… oder „Dresden im Wandel“, leider nicht immer zum Besseren.
So stießen wir im Laufe einer Recherchearbeit auf eine alte Aufnahme aus dem „Heiligen Born“ (Stadtteil Dresden Leubnitz-Neuostra), wo sich einst der rote Mohn harmonisch mit dem Korn das Feld teilte. Sinnbild einer intakten Natur – Realität, dass die Ernte mit Beikräutern bis zu 20% niedriger ausfällt*. Aber wir brauchen die 20%, damit wir täglich 20% unsere Backwaren entsorgen können.
Leider ist die heutige Agrarkultur nicht mehr auf Nachhaltigkeit und Umweltbewusstsein ausgerichtet. Die Vier-Felder-Wirtschaft, wie wir sie noch im Heimatkundeunterricht beigebracht bekamen, ist längst dem Zwei-Jahres-Rhythmus und dem Einsatz des Totalherbizids Glyphosat gewichen, mit Folgen für das gesamte umliegende Ökosystem und auch für unsere Kinder.

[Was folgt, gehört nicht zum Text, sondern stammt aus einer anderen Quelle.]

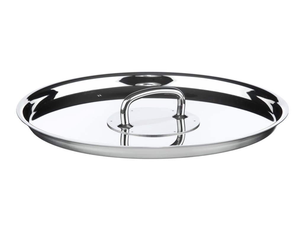 Přesná nerezová poklice PRECISE Ø 22 cm s leštěným povrchem. Designový úchyt padne krásně do ruky.
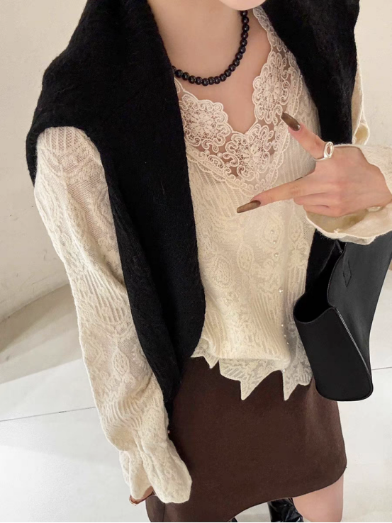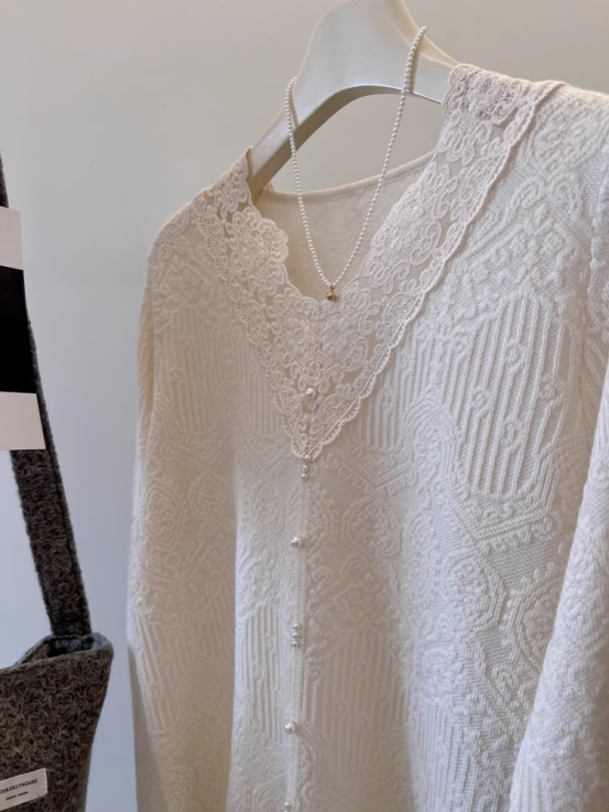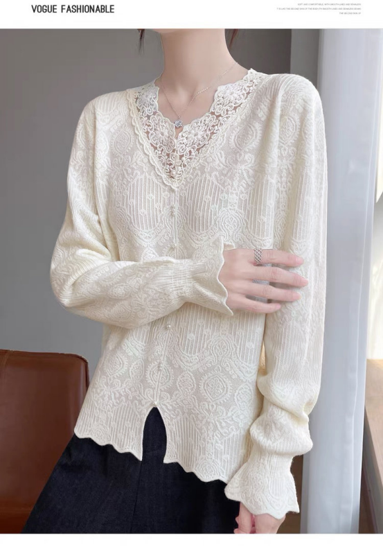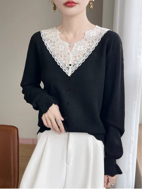 🔥这件「小香风欧根纱拼接花边羊毛混纺针织衫」火了👍小香风欧根纱花边拼接的设计,轻松穿出高级感❗️ ✨秋冬叠穿王者来了❗️ 「V领针织衫」完美解决搭配烦恼!

Am deutlichsten können die Auswirkungen in und an den ganzjährigen Wasseransammlungen am Leubnitzbach beobachtet werden. An jenen Wasserbecken, an denen vor kurzem noch ein Schild „Naturschutzgebiet“ stand, sucht man Insektenlarven, Reptilien und Amphibien heutzutage vergebens. Es sind dieselben Wasserbecken welche unterhalb, umringt von Kleingärten, die Brunnenquelle zum Heiligen Born speisen. Der Brunnenquelle, welche ein Sammelpunkt und Erholungsort für die Kinder der benachbarten Schule und ein Treffpunkt vieler Tagesmütter ist.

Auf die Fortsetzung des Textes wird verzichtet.